Le One Health Summit vise à anticiper les crises sanitaires en intégrant des facteurs souvent traités séparément, tels que le climat, la biodiversité, les systèmes alimentaires et la pollution. Pour y parvenir, trois axes principaux guideront les discussions :

  • Gouvernance : Améliorer la coordination internationale, le partage des données et la détection précoce des risques sanitaires, dans un contexte où les États-Unis se désengagent de l'OMS.
  • Lutte contre les maladies transmissibles : Renforcer la surveillance des zoonoses et répondre à l'antibiorésistance.
  • Maladies non transmissibles : Discuter des déterminants environnementaux tels que la pollution, l'alimentation et la dégradation des écosystèmes.

Des priorités concrètes pour des résultats tangibles

Les travaux thématiques du sommet se concentreront sur quatre domaines spécifiques :

  • Les réservoirs zoonotiques et les vecteurs de maladies
  • La résistance aux antimicrobiens, responsable d'au moins 1,27 million de décès directs par an
  • Les systèmes alimentaires durables
  • L'exposition aux pollutions

Les discussions aboutiront à des annonces politiques qui seront présentées dans les 'Engagements de Lyon', attendus lors de la séquence de haut niveau du 7 avril. Au-delà des simples annonces, la France souhaite réaffirmer son rôle dans la gouvernance sanitaire mondiale et promouvoir un multilatéralisme d'action efficace.
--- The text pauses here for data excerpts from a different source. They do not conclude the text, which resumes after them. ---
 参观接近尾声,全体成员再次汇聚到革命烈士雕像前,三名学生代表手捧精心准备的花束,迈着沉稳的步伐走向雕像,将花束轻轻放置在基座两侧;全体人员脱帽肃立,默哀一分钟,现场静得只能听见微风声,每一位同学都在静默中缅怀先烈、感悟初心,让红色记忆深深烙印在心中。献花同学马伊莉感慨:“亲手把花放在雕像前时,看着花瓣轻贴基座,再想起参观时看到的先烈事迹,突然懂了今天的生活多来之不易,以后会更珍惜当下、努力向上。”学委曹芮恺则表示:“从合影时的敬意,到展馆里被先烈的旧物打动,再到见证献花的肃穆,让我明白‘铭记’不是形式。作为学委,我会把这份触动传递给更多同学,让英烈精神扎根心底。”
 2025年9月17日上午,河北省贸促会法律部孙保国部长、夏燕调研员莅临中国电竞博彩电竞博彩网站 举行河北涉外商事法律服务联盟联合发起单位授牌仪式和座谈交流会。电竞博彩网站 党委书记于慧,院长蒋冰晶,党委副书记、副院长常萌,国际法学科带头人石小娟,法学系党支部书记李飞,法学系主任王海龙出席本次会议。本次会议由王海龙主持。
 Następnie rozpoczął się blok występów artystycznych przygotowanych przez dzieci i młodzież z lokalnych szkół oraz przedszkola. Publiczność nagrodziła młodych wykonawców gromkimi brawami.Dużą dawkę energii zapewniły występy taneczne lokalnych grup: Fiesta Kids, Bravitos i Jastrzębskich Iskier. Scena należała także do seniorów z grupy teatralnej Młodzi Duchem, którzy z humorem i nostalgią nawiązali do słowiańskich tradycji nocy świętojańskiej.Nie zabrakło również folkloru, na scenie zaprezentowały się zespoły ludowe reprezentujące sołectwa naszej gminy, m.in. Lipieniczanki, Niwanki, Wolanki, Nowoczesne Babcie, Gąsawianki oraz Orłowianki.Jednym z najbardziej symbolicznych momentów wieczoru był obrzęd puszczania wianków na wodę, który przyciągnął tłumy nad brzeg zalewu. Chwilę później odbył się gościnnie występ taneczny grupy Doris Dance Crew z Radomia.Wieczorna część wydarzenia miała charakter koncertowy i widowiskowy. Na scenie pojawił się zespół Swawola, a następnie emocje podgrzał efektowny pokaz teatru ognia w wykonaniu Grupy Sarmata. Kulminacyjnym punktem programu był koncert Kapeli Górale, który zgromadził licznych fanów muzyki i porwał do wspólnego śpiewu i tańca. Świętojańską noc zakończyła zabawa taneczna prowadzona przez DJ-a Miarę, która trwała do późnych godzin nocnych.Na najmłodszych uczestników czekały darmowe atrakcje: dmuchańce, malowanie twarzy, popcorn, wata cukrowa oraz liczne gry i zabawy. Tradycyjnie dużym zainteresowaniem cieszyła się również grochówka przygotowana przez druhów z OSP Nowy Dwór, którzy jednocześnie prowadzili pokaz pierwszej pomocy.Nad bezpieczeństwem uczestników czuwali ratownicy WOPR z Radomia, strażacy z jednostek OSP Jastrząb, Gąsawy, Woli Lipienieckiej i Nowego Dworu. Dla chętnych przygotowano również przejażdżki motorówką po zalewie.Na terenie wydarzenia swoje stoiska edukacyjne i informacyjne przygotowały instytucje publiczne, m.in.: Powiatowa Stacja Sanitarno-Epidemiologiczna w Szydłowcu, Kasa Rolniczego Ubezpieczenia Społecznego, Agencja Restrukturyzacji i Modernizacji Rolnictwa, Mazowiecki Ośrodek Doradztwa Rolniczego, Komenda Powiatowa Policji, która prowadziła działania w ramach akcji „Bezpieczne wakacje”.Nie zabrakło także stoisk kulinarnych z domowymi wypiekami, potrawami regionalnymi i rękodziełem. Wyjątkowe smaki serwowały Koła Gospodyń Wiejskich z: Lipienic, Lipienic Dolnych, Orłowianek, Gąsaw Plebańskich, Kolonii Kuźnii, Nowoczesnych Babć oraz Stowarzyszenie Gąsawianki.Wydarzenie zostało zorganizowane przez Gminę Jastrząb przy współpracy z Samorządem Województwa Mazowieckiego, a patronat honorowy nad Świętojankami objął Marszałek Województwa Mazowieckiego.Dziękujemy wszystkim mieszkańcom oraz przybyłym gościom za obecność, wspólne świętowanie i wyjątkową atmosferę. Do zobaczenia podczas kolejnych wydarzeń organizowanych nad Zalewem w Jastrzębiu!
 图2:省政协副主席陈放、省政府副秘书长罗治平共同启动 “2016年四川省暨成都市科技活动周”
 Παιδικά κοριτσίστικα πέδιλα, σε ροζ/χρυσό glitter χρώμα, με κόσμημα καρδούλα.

Un contexte économique difficile

Cependant, cette ambition se heurte à un contexte économique tendu. La France a décidé de réduire significativement sa contribution au Fonds mondial de lutte contre le sida, la tuberculose et le paludisme, prévoyant 660 millions d'euros pour la période à venir, soit un milliard de moins que lors du cycle précédent. Cette décision est d'autant plus préoccupante que la France était l'un des principaux contributeurs de ce fonds, essentiel à la lutte contre ces maladies à l'échelle internationale.
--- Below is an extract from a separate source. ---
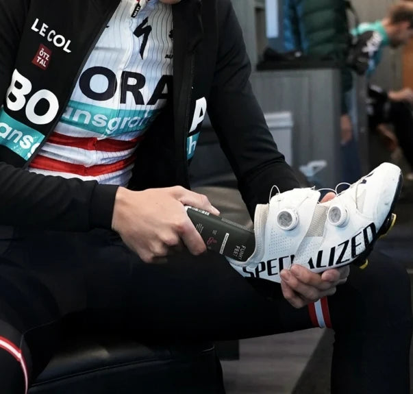 Funky Feet is a dual-action deodorizing premium shoe spray that eliminates and protects against sweaty nasty smells. Use it to freshen up your shoes and other equipment. The spray absorbs moisture and replaces unwanted smells with a pleasant, Funky Feet can be used on all kinds of materials, including leather, suede, (poly)cotton, synthetics, all sorts of technical fabrics, liners, softshell and neoprene.

Mobiliser des ressources durables

Cette réduction des financements soulève des questions sur le décalage entre le leadership politique affiché et les moyens financiers alloués. Dans un environnement marqué par des tensions géopolitiques et une fragmentation des financements internationaux, la capacité à mobiliser des ressources durables sera cruciale pour crédibiliser les engagements pris à Lyon.

Le One Health Summit représente donc un moment clé pour la santé mondiale, mais également un défi pour la France, qui doit prouver sa capacité à conjuguer discours ambitieux et actions concrètes.